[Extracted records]
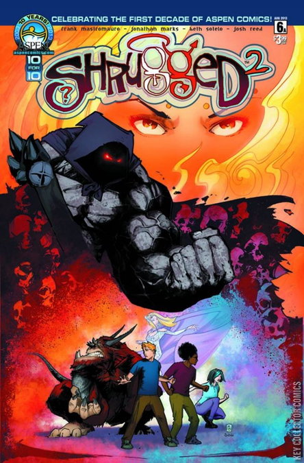 SHRUGGED reaches its explosive finale! It's a double-dose of Shrugged as Ember's master plan reaches full effect! Perspecta has fallen and earth is on her short list to conquer next. However, Theo, along with Ange, Dev and the rest of the gang, are still alive and kicking, and they're not going to let Ember win that easily! It's the world shaking final issue to the second volume of SHRUGGED, and you have a front row seat!
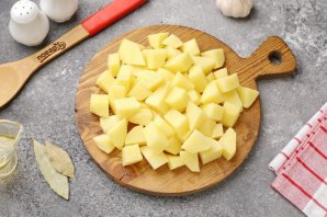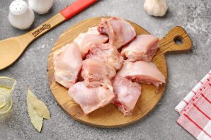 Курицу промойте, обсушите и порубите на порционные кусочки. Кожу я снимаю, но можете оставить. Если у вас куриное филе, то просто нарежьте его кусочками, но не слишком мелко.
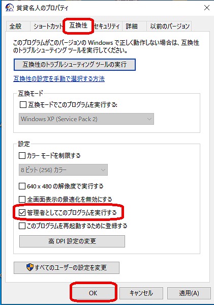 (2)[互換性]タブの[管理者としてこのプログラムを実行する]チェックを付与し、[OK]ボタンを押します。
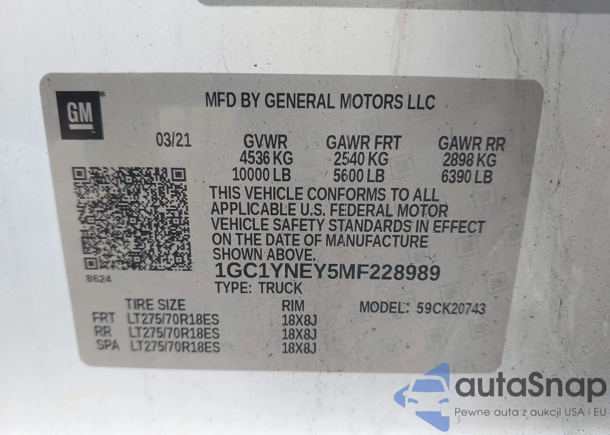 LOT: 43004874 VIN: 1GC1YNEY5MF228989
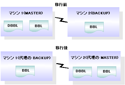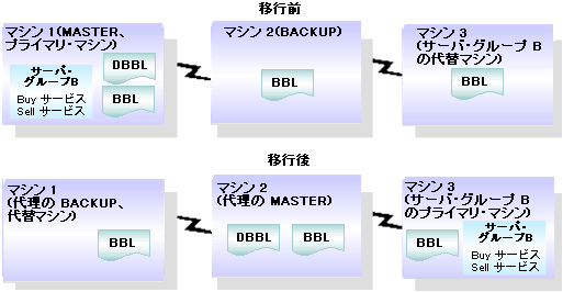 Master マシンの移行とは、設定済みの MASTER マシンから設定済みの BACKUP マシンに DBBL を移動するプロセスのことです。このプロセスにより、設定済みの MASTER マシンがダウンしていても、サーバは引き続きサービスを提供することができます。移行を行うには、まず、設定済みの BACKUP マシンを代理の MASTER マシンとし、設定済みの MASTER マシンを代理の BACKUP マシンとするよう、管理者側から要求します。これで、すべての管理機能は、代理の MASTER マシンで行われます。つまり、コンフィギュレーション内のほかのマシンを監視し、コンフィギュレーションの動的な変更を受け付けます。
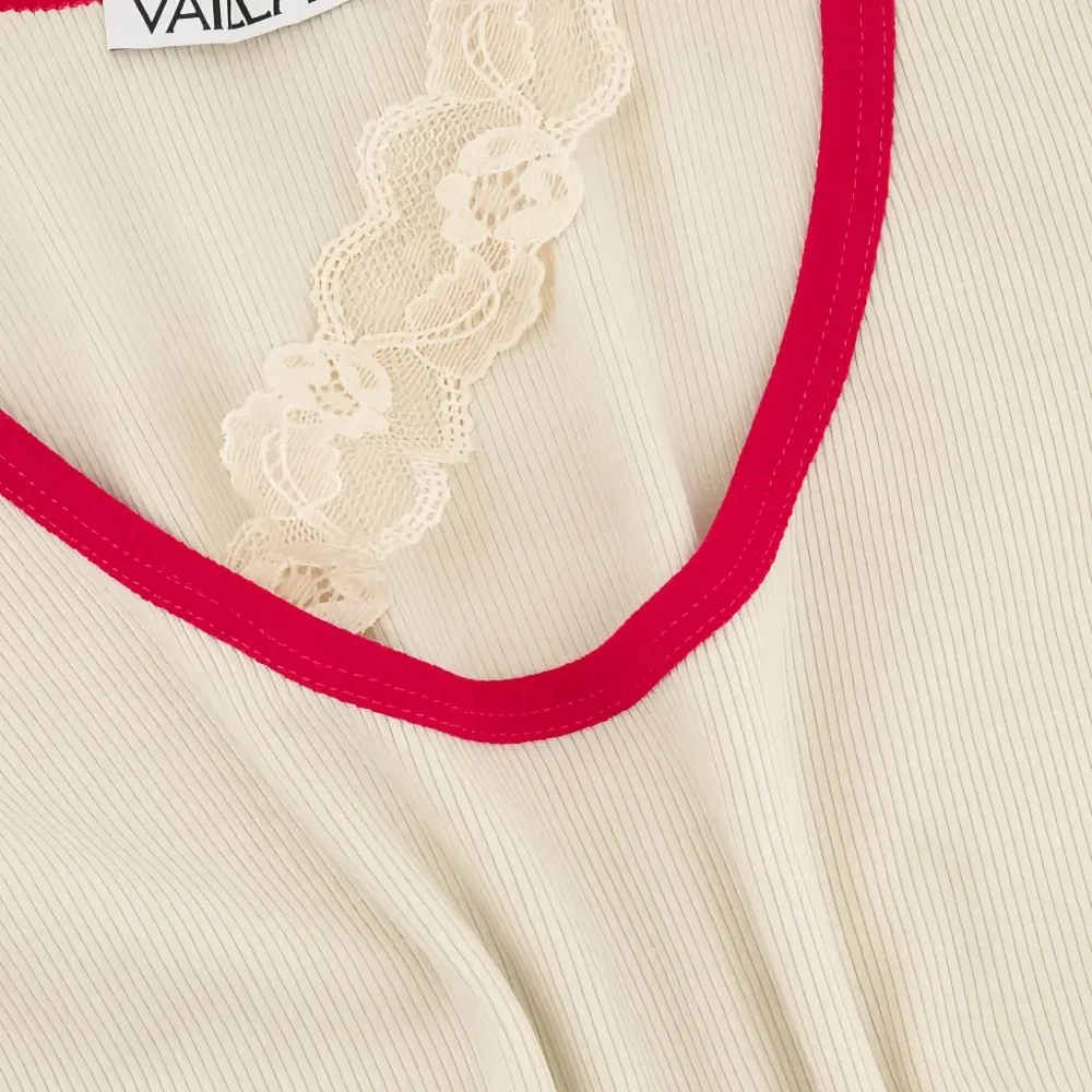 Топ в рубчик с кружевной отделкой
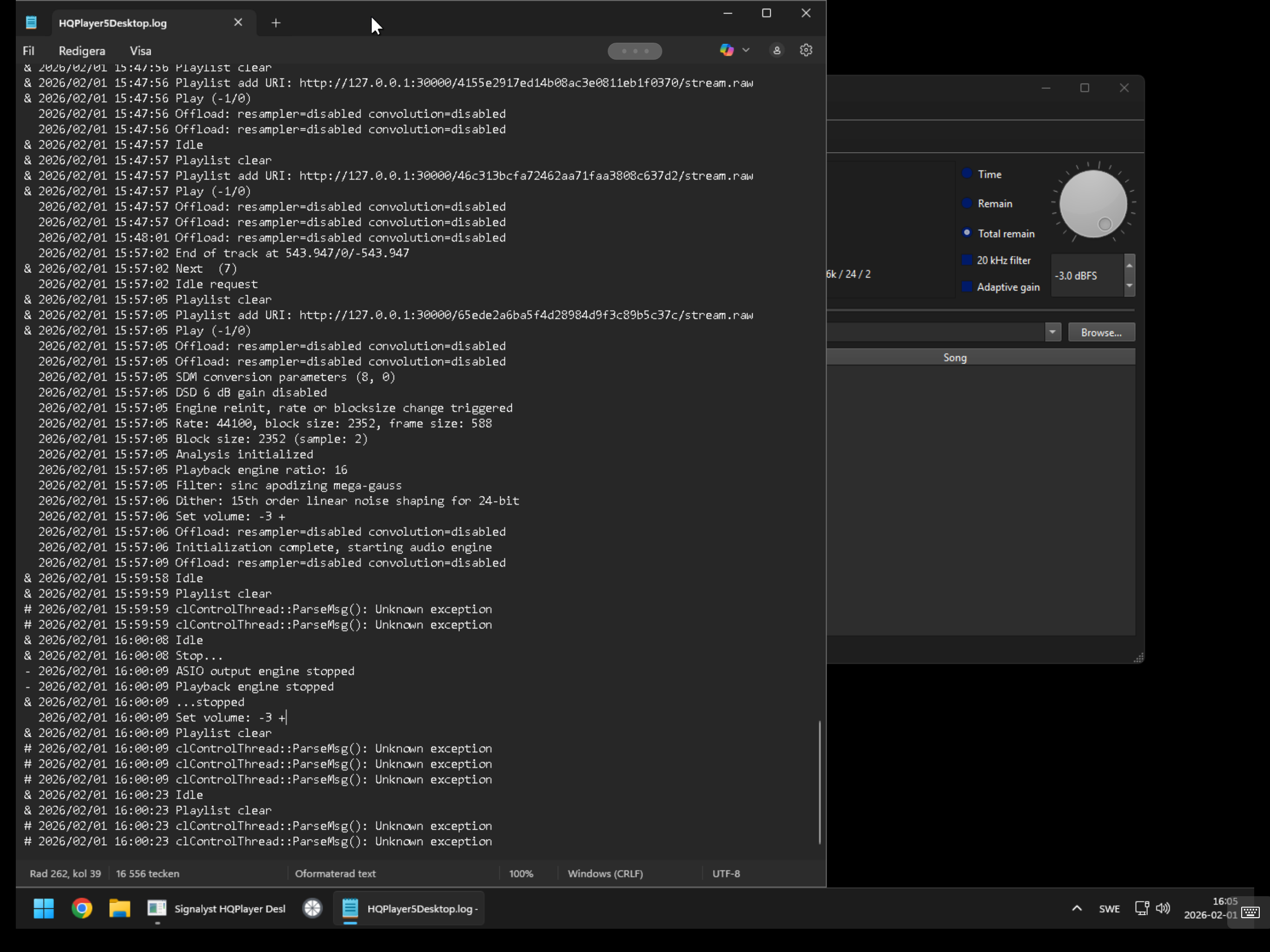 Tell us what's going on · Hqplayer - ”unknown exception” on track change when playing in Roon with HQPlayer as Zone
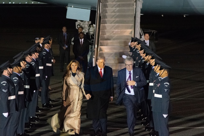 Stansted Airport, UK, 16th September 2025 – President Donald Trump exits Air Force One after landing for his second state visit to the United Kingdom., Credit:Will Colebourne / Avalon
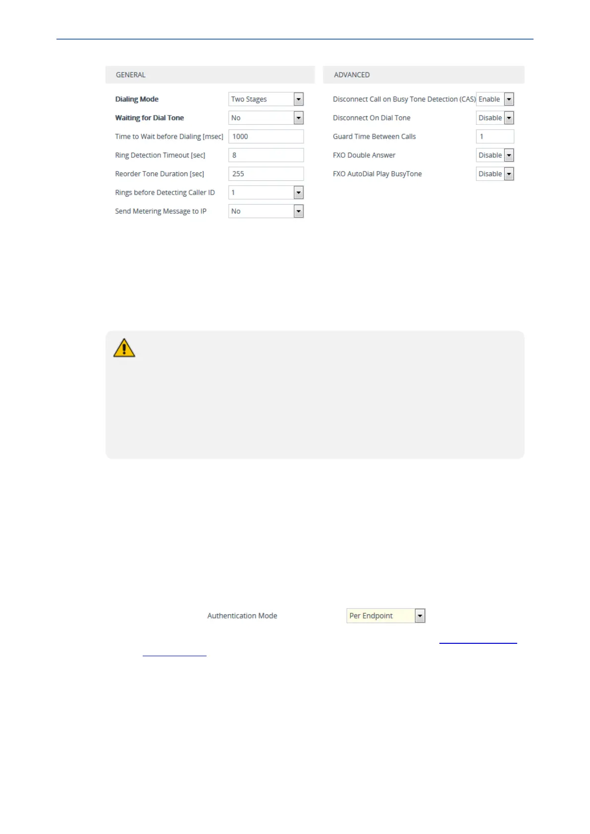 ● The feature is applicable to the Gateway application only - FXS and FXO
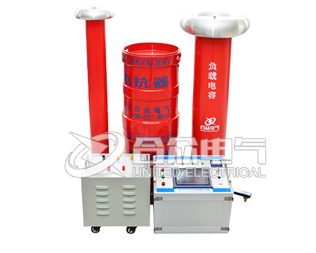 串聯(lián)諧振構(gòu)成:變頻源,勵(lì)磁變,電抗器,分壓器,電容器,控制箱
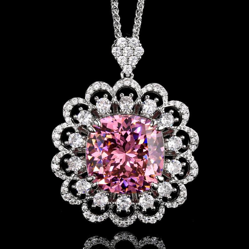 Ювелирные изделия Медное основание Позолоченное Имитация Красного Корунда Ретро Кружевной Кулон Ожерелье Камень 16 * 16
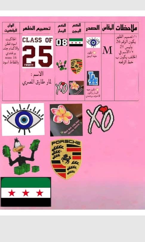 صممي طلبك نفس كذا ورفقي الصورة مره وحده 👇🏼 السعر يشمل باتش ب الكم اليمين باتش ب الكم اليسار والخلف كامل وحروف من الامام
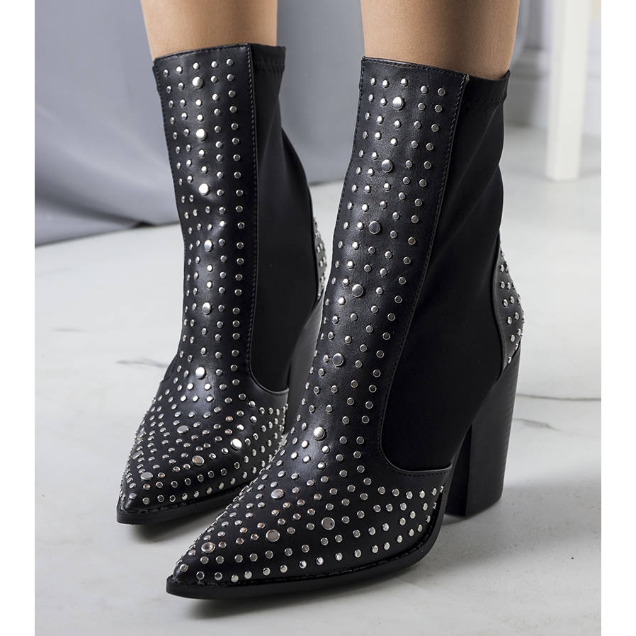 Botas fenomenais e uma combinação de caráter rochoso e elegância feminina. O modelo no posto (9,5 cm) tem um nariz pontudo e atinge o tornozelo (altura da parte superior cerca de 25,5 cm). A parte superior feita de couro ecológico de alta qualidade no clássico preto foi decorado com pregos de metal que lhes dão uma aparência expressiva e elegante.

Problem to solve:
Return only the stretch above from the line containing "Курицу промойте, обсушите" through the line containing "LOT: 43004874 VIN: 1GC1YNEY5MF228989", word for word and without pictures.

Result below:
 Курицу промойте, обсушите и порубите на порционные кусочки. Кожу я снимаю, но можете оставить. Если у вас куриное филе, то просто нарежьте его кусочками, но не слишком мелко.
 (2)[互換性]タブの[管理者としてこのプログラムを実行する]チェックを付与し、[OK]ボタンを押します。
 LOT: 43004874 VIN: 1GC1YNEY5MF228989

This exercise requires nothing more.